The only interesting part about Atom is that vendors are getting Atoms for free. That should tell you how good Atom is and how desperate Intel is when trying to get into mobile market...
Someone tell me why is Intel not getting licence from ARM, customize existing arch the same way as NVIDIA or APPLE? I can image with Intel's production node advantage(14nm soon 10nm) it could easily wipe out the floor with anything Qualcolm, Nvidia, Samsung, Apple and other have currently to offer.
I'll tell you. It's because even Intel's Bay Trail for smartphones and tablets was more efficient than many ARM SoCs, including Apple's and especially Nvidia's. They don't NEED the ARM license. People who think that new Atoms are bad really need to read some in-depth reviews that analyze their power consumption and performance. Start with Asus Zenfones - nearly all of them are using Intel's chips. And they're great devices, powerful and long-lasting.

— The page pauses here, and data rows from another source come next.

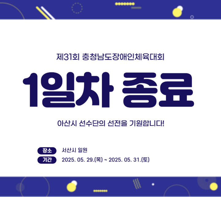 오늘 5월 29일 목요일, 서산시 일원에서 제31회 충청남도장애인체육대회가 개최되었습니다. 첫 날부터 개인종목에서 메달을 휩쓸고 온 우리 아산시 선수단! 앞으로 얼마나 멋진 활약을 펼칠 지 가늠할 수 없을 정도랍니다.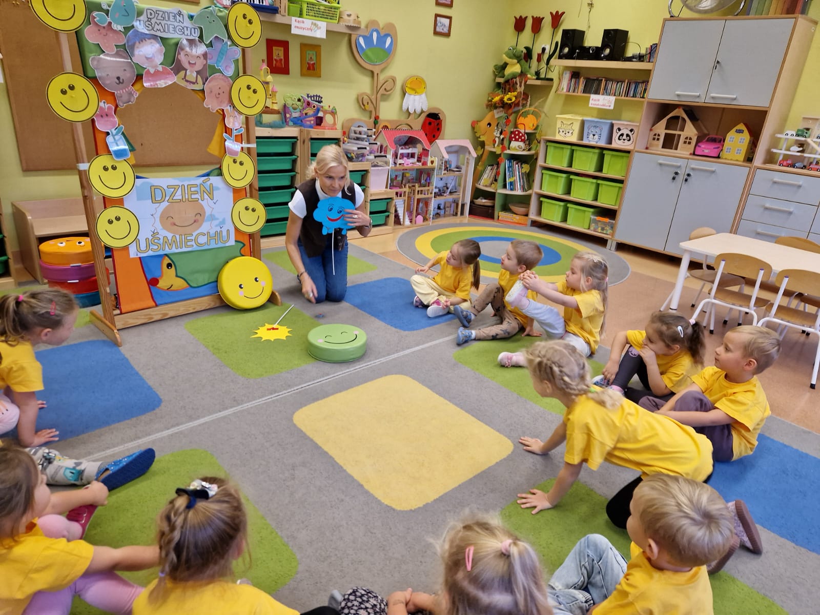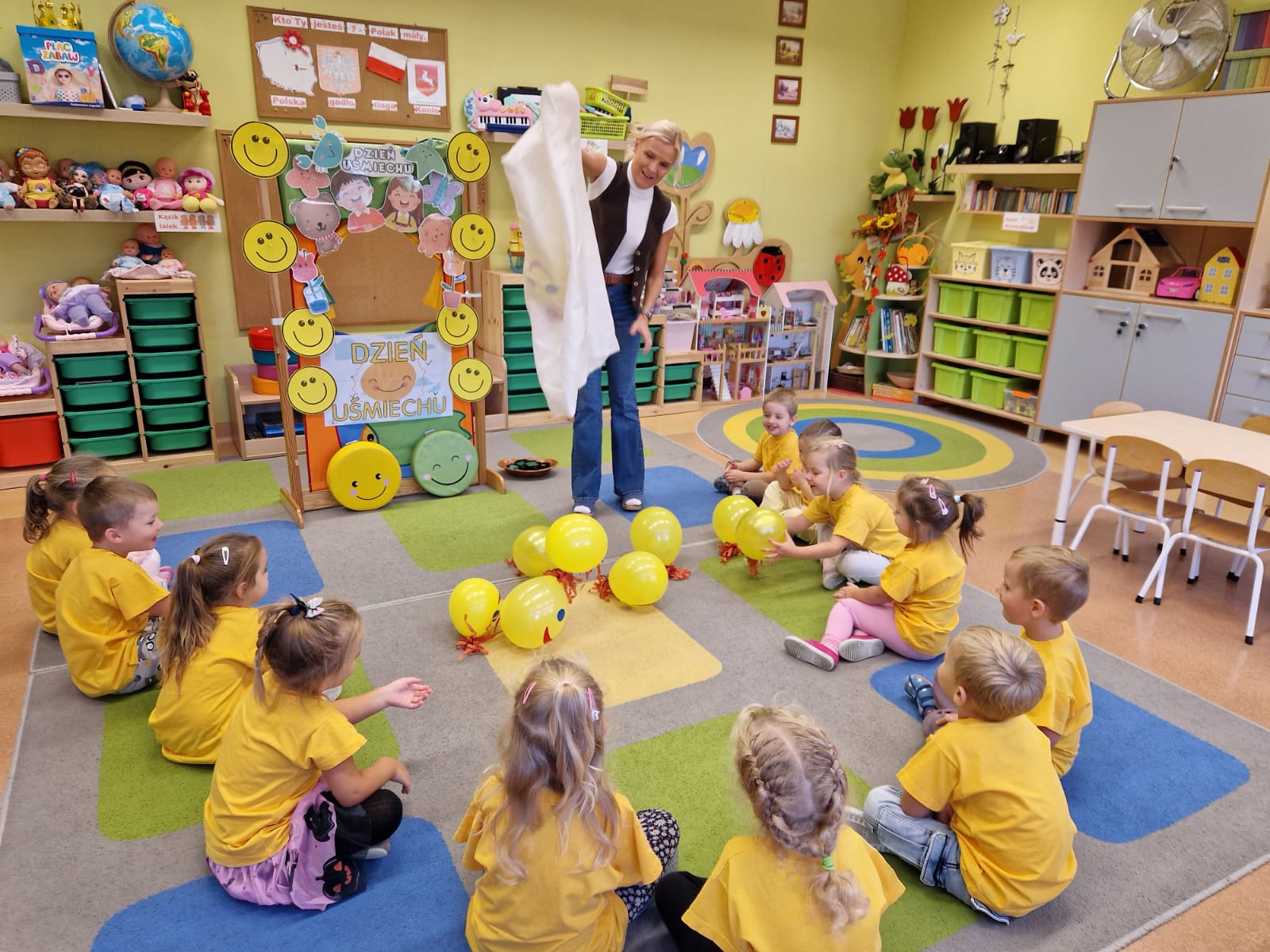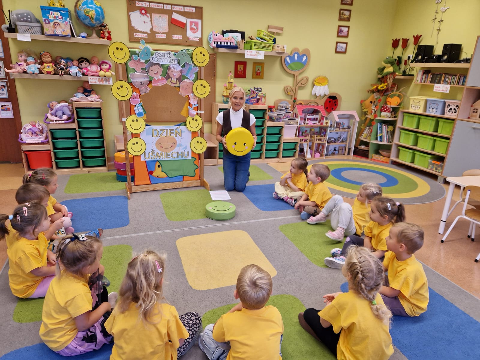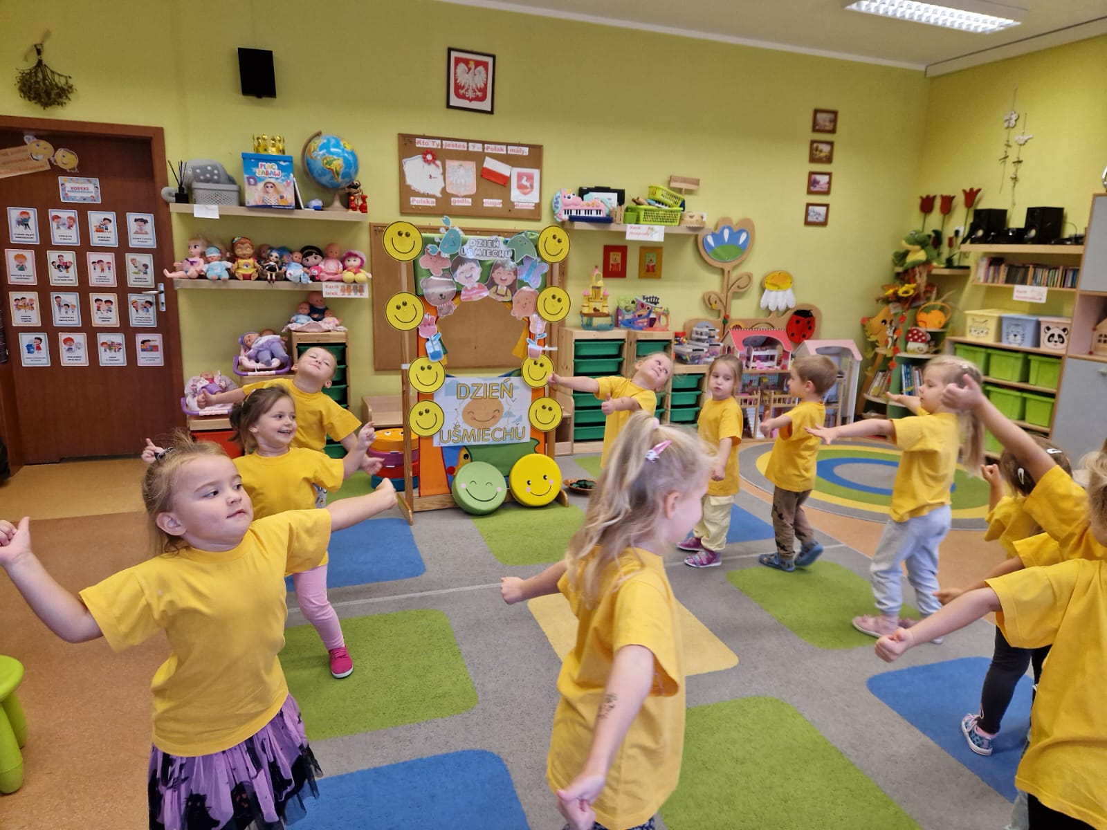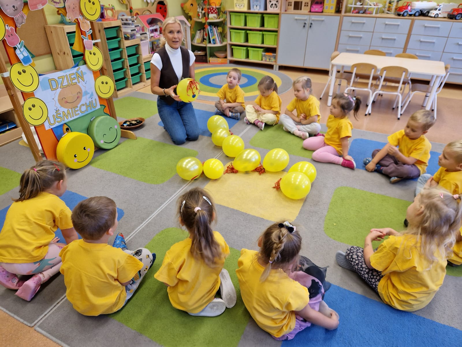 Czy wiecie, że w pierwszy piątek października każdego roku obchodzone jest bardzo wyjątkowe święto – Światowy Dzień Uśmiechu? W bieżącym roku szkolnym do świętowania Światowego Dnia Uśmiechu dołączyły przedszkolaki z grupy X i w piątek 03.10. 2025 r. uśmiech towarzyszył dzieciom już od rana. Ten radosny dzień został stworzony po to, abyśmy wszyscy przypomnieli sobie, jak ważny jest uśmiech w naszym życiu. Historia tego dnia sięga roku 1999, kiedy to amerykański artysta Harvey Ball, twórca słynnej żółtej, uśmiechniętej buzi, postanowił ogłosić jedno specjalne święto, które będzie przypominać ludziom na całym świecie, aby się więcej uśmiechali. Przedszkolne lata są niezwykle ważnym okresem w życiu każdego dziecka. To czas, w którym maluchy odkrywają świat, rozwijają swoje umiejętności społeczne, poznają emocje i uczą się jak budować relacje. Zamysł tego święta, realizowana innowacja pedagogiczna „ Kolorowe emocje”, a także tydzień budowania relacji stały się wyjątkową okazją, aby uświadomić najmłodszym, jaką moc ma UŚMIECH. Uśmiech, to przecież mały gest, który ma ogromne znaczenie dla dzieci w przedszkolu. To nie tylko wyraz sympatii czy radości, ale również narzędzie, które pomaga budować pozytywne relacje i sprzyja rozwojowi emocjonalnemu maluchów. Wszystkie zaaranżowane aktywności podczas świętowania Dnia Uśmiechu ... teatrzyk „ O wesołym słoneczku i smutnej chmurce”, zabawa” podaj uśmiech”, taniec z uśmiechem, czy też masażyk z „ uśmiechniętym dreszczykiem”, pozwoliły dzieciom poczuć moc uśmiechu, moc radości ze wspólnych zbaw. Razem uczyliśmy się, jak uśmiechać się i sprawiać, że inni się uśmiechają. Rozmawialiśmy o uśmiechu, tworzyliśmy uśmiechy, dzieliliśmy się uśmiechami i poznawaliśmy, jak uśmiech może sprawić, że świat staje się lepszy, przyjemniejszy i że uśmiech sprawia przyjemność nam i innym oraz niesie ze sobą dużo pozytywnej energii. Cele został osiągnięte zarówno w zakresie rozwijania umiejętności wyrażania pozytywnych emocji jak również w zakresie budowania relacji społecznych przez wspólną zabawę i wzmacniania własnej wartości. A jak było wesoło??? Zapraszamy do galerii.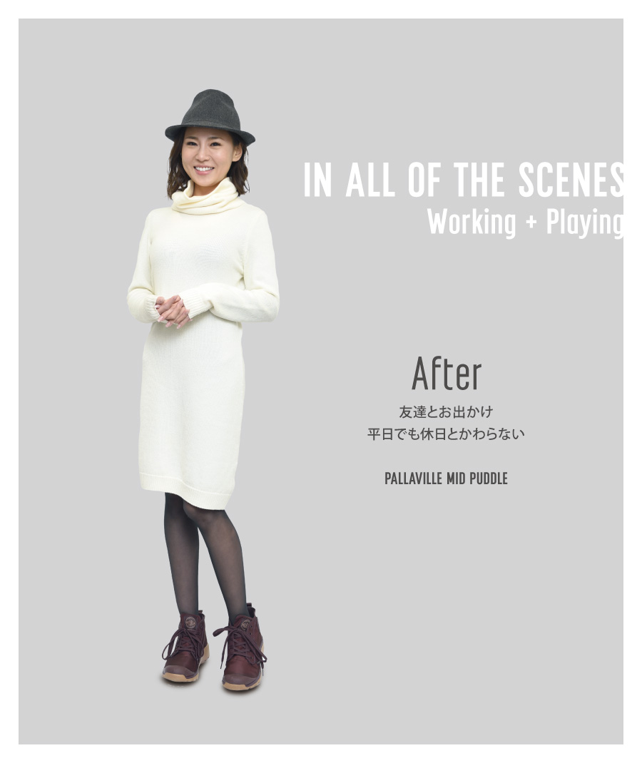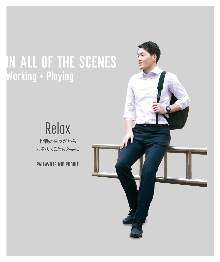 ヨーロッパを中心に、国内フェスティバルシーンでも人気を集め、レインシューズとしても知られるPUDDLE LITEから、今春、ミッドカットのPALLAVILLE MID PUDDLEが登場。ベーシックからオフィスカジュアルまで、スタイルやシーンを選ばず、生活へと溶け込む。仕事も遊びも、歩くことから。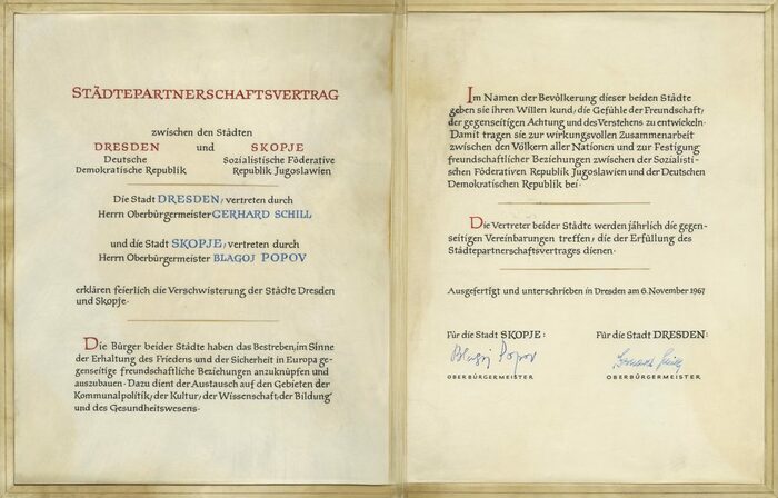 Die weltweite Anteilnahme nach der Katastrophe war außerordentlich: mehr als 75 Länder leisteten internationale Hilfe in den folgenden Jahren, darunter auch die DDR. In Dresden befand sich damals das Generalsekretariat des Deut-schen Roten Kreuzes der DDR. Als im November 1965 eine Delegation aus Skopje in Dresden war, um dem Präsidium des Deutschen Roten Kreuzes eine besondere Auszeichnung für die humanitäre Hilfe zu überreichen, regten die Gäste auch den Abschluss eines Freundschaftsvertrages an. Nach der Zustimmung durch die Vertreter beider Städte in der ersten Jahreshälfte 1966 wurden dann im Oktober die Verhandlungen für die Vorbereitung der Städtepartnerschaft geführt. Der Programmentwurf aus Skopje sah etwa den Erfahrungsaustausch im Bereich der Verkehrs- und Grünflächenplanung, Kooperationsprojekte kultureller Institutionen und Schulen sowie den Austausch von Bild- und Filmmaterial zur Förderung des Tourismus vor. Im Juni 1967 wurden Artikel der beiden Oberbürgermeister in der Presse veröffentlicht, die den Einwohnerschaften einige Eindrücke über die zukünftige Partnerstadt vermitteln sollten. Nach Abschluss der Vertragsunterzeichnung im November 1967 verwies Blagoj Popov noch einmal auf die Erfahrung der Zerstörung der Städte als wichtige Gemeinsamkeit. Erste Vorschläge für Kooperationen in den Jahren 1968 und 1969 waren unter anderem eine Ausstellung über die Werktätigen Dresdens in Skopje und ein Informationsaustausch von Architekten und Bauingenieuren in Dresden über Stadtplanung und Bauwesen. Die Stadt am Fluss Vardar war die vierte Partnerstadt Dresdens. Eine Erneuerung der Vereinbarungen erfolgte im Jahr 1995. Nach wie vor sind Städtepartnerschaften eine wichtige Grundlage dafür, andere Kulturen kennen zu lernen und Freundschaften zu schließen. Interessierte können im Internet oder unter der E-Mail-Adresse europa@dresden.de weitere Informationen über die Dresdner Partnerstädte erhalten.

The days of false prophecies about ARM allegedly "killing x86" are over. Several years ago, I said on this very forum in response to nonsense about Intel "being late" to the mobile market that they'll just buy the market up. I was laughed at. Now what's happening? Intel is buying a market share for itself. That's why Atoms are free or low-priced. They are increasing adoption rate - yes, they're "losing" money, or, to be more correct, they are *investing* it. When Intel's chips muscle out ARM from everywhere but IoT (which is next on Intel's hit list), they'll get back all this money and then some.
Are you going to laugh this time too or maybe it's time to accept reality: Intel *knows* what it's doing and ultimately, things will work out how *Intel* wants it. Not ARM or any of its licensees, not AMD and certainly not Intel haters like you who somehow think they know how Intel should conduct their business better than Intel itself.
Bottom line: Intel is *already* wiping the floor with its competition. It just doesn't realize that yet.